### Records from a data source
-.-.-

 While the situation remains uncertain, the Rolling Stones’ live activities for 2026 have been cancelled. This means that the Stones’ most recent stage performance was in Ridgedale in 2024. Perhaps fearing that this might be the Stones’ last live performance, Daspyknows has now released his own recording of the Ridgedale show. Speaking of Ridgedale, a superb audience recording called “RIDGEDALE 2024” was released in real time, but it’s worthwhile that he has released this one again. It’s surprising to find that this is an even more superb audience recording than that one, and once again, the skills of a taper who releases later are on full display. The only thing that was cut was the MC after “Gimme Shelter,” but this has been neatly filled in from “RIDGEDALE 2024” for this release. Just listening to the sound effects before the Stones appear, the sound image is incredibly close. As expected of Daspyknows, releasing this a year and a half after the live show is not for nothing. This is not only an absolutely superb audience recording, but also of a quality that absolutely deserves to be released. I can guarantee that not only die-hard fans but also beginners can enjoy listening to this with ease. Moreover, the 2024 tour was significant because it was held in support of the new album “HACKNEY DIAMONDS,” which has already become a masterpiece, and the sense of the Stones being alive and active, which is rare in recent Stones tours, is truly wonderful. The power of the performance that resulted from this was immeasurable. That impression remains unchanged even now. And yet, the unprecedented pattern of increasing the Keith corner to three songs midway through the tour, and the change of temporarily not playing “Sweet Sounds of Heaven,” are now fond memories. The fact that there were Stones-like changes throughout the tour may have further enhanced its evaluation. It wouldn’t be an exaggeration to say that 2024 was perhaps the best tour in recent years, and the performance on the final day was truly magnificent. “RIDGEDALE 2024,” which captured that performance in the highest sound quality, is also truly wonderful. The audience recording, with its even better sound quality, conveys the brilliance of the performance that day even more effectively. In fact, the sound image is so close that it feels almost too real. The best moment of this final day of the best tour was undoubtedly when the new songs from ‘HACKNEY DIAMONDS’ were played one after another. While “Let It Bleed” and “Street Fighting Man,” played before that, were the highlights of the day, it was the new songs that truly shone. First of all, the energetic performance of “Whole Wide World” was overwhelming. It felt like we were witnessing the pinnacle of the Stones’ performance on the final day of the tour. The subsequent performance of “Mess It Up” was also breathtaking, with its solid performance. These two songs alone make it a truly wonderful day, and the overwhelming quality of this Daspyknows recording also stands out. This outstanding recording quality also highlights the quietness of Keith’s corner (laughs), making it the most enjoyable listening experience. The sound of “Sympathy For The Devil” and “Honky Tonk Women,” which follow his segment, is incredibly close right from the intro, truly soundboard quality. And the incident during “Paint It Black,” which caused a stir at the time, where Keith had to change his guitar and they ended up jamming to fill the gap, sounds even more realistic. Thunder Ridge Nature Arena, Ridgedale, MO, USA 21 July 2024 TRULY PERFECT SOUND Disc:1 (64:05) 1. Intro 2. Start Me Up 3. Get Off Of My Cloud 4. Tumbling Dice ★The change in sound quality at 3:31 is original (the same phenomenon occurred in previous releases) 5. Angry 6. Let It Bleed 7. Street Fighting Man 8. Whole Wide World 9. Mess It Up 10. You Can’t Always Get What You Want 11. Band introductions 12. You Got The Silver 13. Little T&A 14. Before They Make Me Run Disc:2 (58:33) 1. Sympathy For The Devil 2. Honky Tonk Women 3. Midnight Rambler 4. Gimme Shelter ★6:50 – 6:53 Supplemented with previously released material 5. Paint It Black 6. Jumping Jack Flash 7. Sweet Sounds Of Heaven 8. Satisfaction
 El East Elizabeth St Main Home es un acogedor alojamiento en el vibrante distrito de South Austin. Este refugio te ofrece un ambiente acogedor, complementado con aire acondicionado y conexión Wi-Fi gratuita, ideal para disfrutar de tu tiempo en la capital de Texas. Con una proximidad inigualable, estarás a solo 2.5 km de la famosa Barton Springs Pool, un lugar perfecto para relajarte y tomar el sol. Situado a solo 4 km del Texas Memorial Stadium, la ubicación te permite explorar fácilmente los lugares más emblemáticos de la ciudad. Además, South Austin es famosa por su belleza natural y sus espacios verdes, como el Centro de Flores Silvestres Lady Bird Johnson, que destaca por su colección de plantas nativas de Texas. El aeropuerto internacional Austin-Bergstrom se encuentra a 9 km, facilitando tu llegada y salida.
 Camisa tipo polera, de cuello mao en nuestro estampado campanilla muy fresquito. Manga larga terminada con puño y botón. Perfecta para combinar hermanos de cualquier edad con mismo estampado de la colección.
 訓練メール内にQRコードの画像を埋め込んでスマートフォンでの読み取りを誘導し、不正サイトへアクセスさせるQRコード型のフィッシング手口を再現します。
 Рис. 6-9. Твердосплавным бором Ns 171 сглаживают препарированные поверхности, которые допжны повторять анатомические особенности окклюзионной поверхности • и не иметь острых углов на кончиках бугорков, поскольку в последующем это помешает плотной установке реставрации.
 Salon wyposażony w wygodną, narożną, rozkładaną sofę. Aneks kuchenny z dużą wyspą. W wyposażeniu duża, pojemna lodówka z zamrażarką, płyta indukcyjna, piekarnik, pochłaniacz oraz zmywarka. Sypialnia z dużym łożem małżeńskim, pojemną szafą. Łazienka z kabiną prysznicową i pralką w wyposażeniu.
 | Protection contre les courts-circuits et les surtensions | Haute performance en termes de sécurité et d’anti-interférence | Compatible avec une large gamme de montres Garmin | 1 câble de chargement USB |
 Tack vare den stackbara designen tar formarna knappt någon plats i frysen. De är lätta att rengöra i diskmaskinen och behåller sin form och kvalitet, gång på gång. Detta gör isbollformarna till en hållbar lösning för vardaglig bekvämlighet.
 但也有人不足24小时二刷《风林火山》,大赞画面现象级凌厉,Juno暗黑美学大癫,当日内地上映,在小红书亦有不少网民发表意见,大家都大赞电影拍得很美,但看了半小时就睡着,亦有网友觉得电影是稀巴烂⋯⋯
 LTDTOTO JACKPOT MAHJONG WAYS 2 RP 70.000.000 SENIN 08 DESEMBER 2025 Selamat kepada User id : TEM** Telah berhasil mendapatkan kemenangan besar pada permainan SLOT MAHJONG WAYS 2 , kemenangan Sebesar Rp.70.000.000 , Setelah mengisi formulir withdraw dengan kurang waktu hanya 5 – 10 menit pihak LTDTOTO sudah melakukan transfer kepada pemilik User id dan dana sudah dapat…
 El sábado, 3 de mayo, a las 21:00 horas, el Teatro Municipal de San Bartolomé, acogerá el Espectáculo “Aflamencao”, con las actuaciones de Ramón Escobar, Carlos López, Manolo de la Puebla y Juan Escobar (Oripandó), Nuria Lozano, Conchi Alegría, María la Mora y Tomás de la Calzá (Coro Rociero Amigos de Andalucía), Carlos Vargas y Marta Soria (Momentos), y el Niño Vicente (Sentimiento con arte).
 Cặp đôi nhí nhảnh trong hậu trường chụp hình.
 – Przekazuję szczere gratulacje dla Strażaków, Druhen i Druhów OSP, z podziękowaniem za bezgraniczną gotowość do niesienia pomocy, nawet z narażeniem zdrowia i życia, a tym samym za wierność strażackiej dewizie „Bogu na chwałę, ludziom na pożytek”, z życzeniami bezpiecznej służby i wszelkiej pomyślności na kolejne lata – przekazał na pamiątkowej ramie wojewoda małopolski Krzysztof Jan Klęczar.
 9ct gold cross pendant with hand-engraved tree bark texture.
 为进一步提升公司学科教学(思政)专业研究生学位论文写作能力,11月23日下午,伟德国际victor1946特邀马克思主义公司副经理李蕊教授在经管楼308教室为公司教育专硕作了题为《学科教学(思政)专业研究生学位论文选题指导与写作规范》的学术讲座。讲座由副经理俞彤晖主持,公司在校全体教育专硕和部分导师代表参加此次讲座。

-.-.-

### Exercise
The records shown above are to be copied exactly, every one of them.

### Finished task
 While the situation remains uncertain, the Rolling Stones’ live activities for 2026 have been cancelled. This means that the Stones’ most recent stage performance was in Ridgedale in 2024. Perhaps fearing that this might be the Stones’ last live performance, Daspyknows has now released his own recording of the Ridgedale show. Speaking of Ridgedale, a superb audience recording called “RIDGEDALE 2024” was released in real time, but it’s worthwhile that he has released this one again. It’s surprising to find that this is an even more superb audience recording than that one, and once again, the skills of a taper who releases later are on full display. The only thing that was cut was the MC after “Gimme Shelter,” but this has been neatly filled in from “RIDGEDALE 2024” for this release. Just listening to the sound effects before the Stones appear, the sound image is incredibly close. As expected of Daspyknows, releasing this a year and a half after the live show is not for nothing. This is not only an absolutely superb audience recording, but also of a quality that absolutely deserves to be released. I can guarantee that not only die-hard fans but also beginners can enjoy listening to this with ease. Moreover, the 2024 tour was significant because it was held in support of the new album “HACKNEY DIAMONDS,” which has already become a masterpiece, and the sense of the Stones being alive and active, which is rare in recent Stones tours, is truly wonderful. The power of the performance that resulted from this was immeasurable. That impression remains unchanged even now. And yet, the unprecedented pattern of increasing the Keith corner to three songs midway through the tour, and the change of temporarily not playing “Sweet Sounds of Heaven,” are now fond memories. The fact that there were Stones-like changes throughout the tour may have further enhanced its evaluation. It wouldn’t be an exaggeration to say that 2024 was perhaps the best tour in recent years, and the performance on the final day was truly magnificent. “RIDGEDALE 2024,” which captured that performance in the highest sound quality, is also truly wonderful. The audience recording, with its even better sound quality, conveys the brilliance of the performance that day even more effectively. In fact, the sound image is so close that it feels almost too real. The best moment of this final day of the best tour was undoubtedly when the new songs from ‘HACKNEY DIAMONDS’ were played one after another. While “Let It Bleed” and “Street Fighting Man,” played before that, were the highlights of the day, it was the new songs that truly shone. First of all, the energetic performance of “Whole Wide World” was overwhelming. It felt like we were witnessing the pinnacle of the Stones’ performance on the final day of the tour. The subsequent performance of “Mess It Up” was also breathtaking, with its solid performance. These two songs alone make it a truly wonderful day, and the overwhelming quality of this Daspyknows recording also stands out. This outstanding recording quality also highlights the quietness of Keith’s corner (laughs), making it the most enjoyable listening experience. The sound of “Sympathy For The Devil” and “Honky Tonk Women,” which follow his segment, is incredibly close right from the intro, truly soundboard quality. And the incident during “Paint It Black,” which caused a stir at the time, where Keith had to change his guitar and they ended up jamming to fill the gap, sounds even more realistic. Thunder Ridge Nature Arena, Ridgedale, MO, USA 21 July 2024 TRULY PERFECT SOUND Disc:1 (64:05) 1. Intro 2. Start Me Up 3. Get Off Of My Cloud 4. Tumbling Dice ★The change in sound quality at 3:31 is original (the same phenomenon occurred in previous releases) 5. Angry 6. Let It Bleed 7. Street Fighting Man 8. Whole Wide World 9. Mess It Up 10. You Can’t Always Get What You Want 11. Band introductions 12. You Got The Silver 13. Little T&A 14. Before They Make Me Run Disc:2 (58:33) 1. Sympathy For The Devil 2. Honky Tonk Women 3. Midnight Rambler 4. Gimme Shelter ★6:50 – 6:53 Supplemented with previously released material 5. Paint It Black 6. Jumping Jack Flash 7. Sweet Sounds Of Heaven 8. Satisfaction
 El East Elizabeth St Main Home es un acogedor alojamiento en el vibrante distrito de South Austin. Este refugio te ofrece un ambiente acogedor, complementado con aire acondicionado y conexión Wi-Fi gratuita, ideal para disfrutar de tu tiempo en la capital de Texas. Con una proximidad inigualable, estarás a solo 2.5 km de la famosa Barton Springs Pool, un lugar perfecto para relajarte y tomar el sol. Situado a solo 4 km del Texas Memorial Stadium, la ubicación te permite explorar fácilmente los lugares más emblemáticos de la ciudad. Además, South Austin es famosa por su belleza natural y sus espacios verdes, como el Centro de Flores Silvestres Lady Bird Johnson, que destaca por su colección de plantas nativas de Texas. El aeropuerto internacional Austin-Bergstrom se encuentra a 9 km, facilitando tu llegada y salida.
 Camisa tipo polera, de cuello mao en nuestro estampado campanilla muy fresquito. Manga larga terminada con puño y botón. Perfecta para combinar hermanos de cualquier edad con mismo estampado de la colección.
 訓練メール内にQRコードの画像を埋め込んでスマートフォンでの読み取りを誘導し、不正サイトへアクセスさせるQRコード型のフィッシング手口を再現します。
 Рис. 6-9. Твердосплавным бором Ns 171 сглаживают препарированные поверхности, которые допжны повторять анатомические особенности окклюзионной поверхности • и не иметь острых углов на кончиках бугорков, поскольку в последующем это помешает плотной установке реставрации.
 Salon wyposażony w wygodną, narożną, rozkładaną sofę. Aneks kuchenny z dużą wyspą. W wyposażeniu duża, pojemna lodówka z zamrażarką, płyta indukcyjna, piekarnik, pochłaniacz oraz zmywarka. Sypialnia z dużym łożem małżeńskim, pojemną szafą. Łazienka z kabiną prysznicową i pralką w wyposażeniu.
 | Protection contre les courts-circuits et les surtensions | Haute performance en termes de sécurité et d’anti-interférence | Compatible avec une large gamme de montres Garmin | 1 câble de chargement USB |
 Tack vare den stackbara designen tar formarna knappt någon plats i frysen. De är lätta att rengöra i diskmaskinen och behåller sin form och kvalitet, gång på gång. Detta gör isbollformarna till en hållbar lösning för vardaglig bekvämlighet.
 但也有人不足24小时二刷《风林火山》,大赞画面现象级凌厉,Juno暗黑美学大癫,当日内地上映,在小红书亦有不少网民发表意见,大家都大赞电影拍得很美,但看了半小时就睡着,亦有网友觉得电影是稀巴烂⋯⋯
 LTDTOTO JACKPOT MAHJONG WAYS 2 RP 70.000.000 SENIN 08 DESEMBER 2025 Selamat kepada User id : TEM** Telah berhasil mendapatkan kemenangan besar pada permainan SLOT MAHJONG WAYS 2 , kemenangan Sebesar Rp.70.000.000 , Setelah mengisi formulir withdraw dengan kurang waktu hanya 5 – 10 menit pihak LTDTOTO sudah melakukan transfer kepada pemilik User id dan dana sudah dapat…
 El sábado, 3 de mayo, a las 21:00 horas, el Teatro Municipal de San Bartolomé, acogerá el Espectáculo “Aflamencao”, con las actuaciones de Ramón Escobar, Carlos López, Manolo de la Puebla y Juan Escobar (Oripandó), Nuria Lozano, Conchi Alegría, María la Mora y Tomás de la Calzá (Coro Rociero Amigos de Andalucía), Carlos Vargas y Marta Soria (Momentos), y el Niño Vicente (Sentimiento con arte).
 Cặp đôi nhí nhảnh trong hậu trường chụp hình.
 – Przekazuję szczere gratulacje dla Strażaków, Druhen i Druhów OSP, z podziękowaniem za bezgraniczną gotowość do niesienia pomocy, nawet z narażeniem zdrowia i życia, a tym samym za wierność strażackiej dewizie „Bogu na chwałę, ludziom na pożytek”, z życzeniami bezpiecznej służby i wszelkiej pomyślności na kolejne lata – przekazał na pamiątkowej ramie wojewoda małopolski Krzysztof Jan Klęczar.
 9ct gold cross pendant with hand-engraved tree bark texture.
 为进一步提升公司学科教学(思政)专业研究生学位论文写作能力,11月23日下午,伟德国际victor1946特邀马克思主义公司副经理李蕊教授在经管楼308教室为公司教育专硕作了题为《学科教学(思政)专业研究生学位论文选题指导与写作规范》的学术讲座。讲座由副经理俞彤晖主持,公司在校全体教育专硕和部分导师代表参加此次讲座。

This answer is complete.